国土交通部は原則として、10・15対策により調整対象地域と投機過熱地区の効力が発生した10月の直前月である9月の住宅価格上昇率統計を用いなければならない。住宅法施行令第72条の3項によれば「調整対象地域として指定する日が属する月の直前の月から遡って3カ月間の当該地域の住宅価格上昇率が、その地域が属する市・道の消費者物価上昇率の1.3倍を超える地域」が調整対象地域に指定され得る。投機過熱地区は直近3カ月間の住宅価格上昇率が消費者物価上昇率の1.5倍を超えれば指定要件を満たす。

ここで問題となっているのは、9月の住宅価格上昇率統計の有無だ。住宅法施行令は、規定期間の統計がない場合には、その期間に最も近い月または年度の統計を用いることができると定めている。

国土交通部は本来9月の統計を用いるべきだが、当該期間の統計がない場合は8月の統計を使うことができる。国土交通部は「調整対象地域と投機過熱地区の法定指定基準の充足可否を判断した時点である住宅政策審議委員会(住政策審)での審議・議決時点には、韓国不動産院の月次住宅価格動向調査は8月以前の統計しか存在しなかった」と説明した。
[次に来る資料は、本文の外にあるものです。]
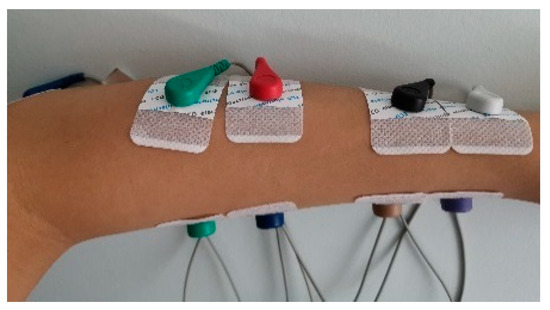 A group of subjects (mean ± SD: 25 ± 3.9) were recruited. We comprehensively considered their ages, weights, genders, and physical health to ensure the validity of the experiment. The subjects were 19 healthy volunteers, including 11 males and 8 females. The left arm was selected for acquiring sEMG signals. Before enlisting, volunteers should have met the requirement of no muscle disease. We told them to follow the operator’s reminder to force or relax the muscles when doing the experiment in advance. Before acquisition, the subjects were first instructed to relieve stress to ensure that the muscles were not fatigued. Then, the surface of the skin was cleaned to remove excess cuticle and lower the impedance. Later, conductive adhesive was smeared on the electrode to strengthen the conductivity. Eventually, the electrodes were fixed. The electrode positions are shown in Figure 4. Nine electrodes were requested so that our device applied four-channel differential input and the elbow was opted as the reference, in the meantime. The sEMG signals were acquired from extensor pollicis longus, finger extensor muscle, and palm long extensor muscle. The elbow had less muscle and would not be affected by other muscles.

韓国不動産院9月統計に関するタイムライン。/チョン・ハラム議員室提供

一方で野党側は、9月の統計を既に国土交通部が確保していたとみている。9月の統計を適用すると規制地域の要件を満たさない箇所が多く、意図的にこれを排除したと疑っている。規制地域を指定するには住政策審を開く必要があるが、住政策審の開催以前に9月の統計が国土交通部に伝達されたというのが野党側の主張だ。

チョナラム改革新党議員室によれば、韓国不動産院は10月13日午後4時ごろ国土交通部に9月の統計を提供した。国土交通部が住政策審の手続きを開始したのは同日午後4時18分だ。住政策審の審議要請公文を送付した時刻は1時間43分後の午後6時1分だ。国土交通部が住政策審を開催する前に9月の統計を確保していたという野党の主張は事実ということになる。
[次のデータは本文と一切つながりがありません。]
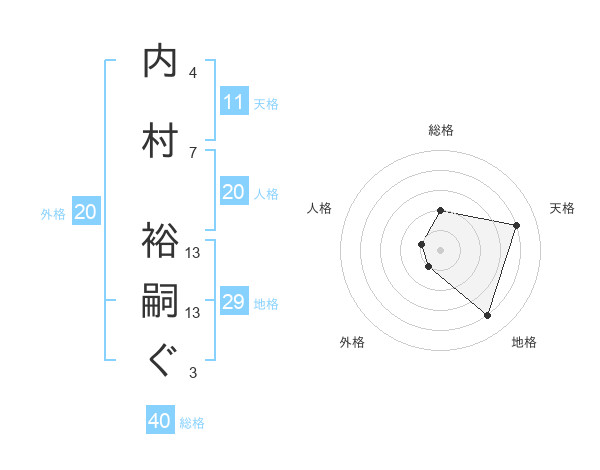 内村 裕嗣ぐさんを姓名の画数から五運を鑑定
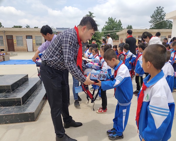 6 月25日,侯云昌書記一行先后前往金橋慈善基金會出資興建的凈口立尊第二小學(xué)和中原鄉(xiāng)田站小學(xué),慰問當(dāng)?shù)亓羰貎和?,受到?dāng)?shù)貛熒臒崃覛g迎。慰問現(xiàn)場,金橋慈善基金會分別向兩所學(xué)校的老師和同學(xué)發(fā)放了慰問金及助學(xué)金11 萬元,并發(fā)放了臺燈、床品、書包、水壺等慰問品近6 萬元,集團(tuán)員工自發(fā)捐贈課外書籍110 余冊。同時(shí),金橋慈善基金會向中原鄉(xiāng)田站小學(xué)捐贈100 萬元,用于教學(xué)樓的重建。捐贈儀式后,金橋焊材集團(tuán)黨委副書記、金橋慈善基金會秘書長李紅梅講話,學(xué)校校長致感謝詞。

ところがここで問題となるのは、9月の統計を規制地域指定の際に活用できたかどうかという点だ。国土交通部は統計法上、公表前の統計は提供または漏洩が禁止されており、住政策審の委員に提供できなかったと説明した。不動産院の9月の住宅価格上昇率統計は10月15日午後2時に公表された。

しかし野党側は、処分日基準で9月の統計が存在していたにもかかわらず、これを意図的に排除して住宅法に違反したと主張している。10・15対策の違法性の有無が行政訴訟で争われる予定であるだけに、裁判所は9月統計の活用可能性を重点的に検討する見通しだ。

匿名を求めたある不動産専門家は「不動産院の週間住宅価格上昇率統計が出ている状況で、国土交通部が内部的に月次指数に関する判断を持っていたはずだ」とし、「月次統計を知らずにこのような判断を下したわけではないだろう」と述べた。

別の不動産専門家は「統計の公表の有無にかかわらず、政府は国民の被害と不便を最小化するための方策を検討すべきだった」とし、「住宅価格の上昇を抑えるための大規模な規制であっても、この規制で被害を受ける国民を考慮した決定がなされるべきだったという残念さがある」と語った。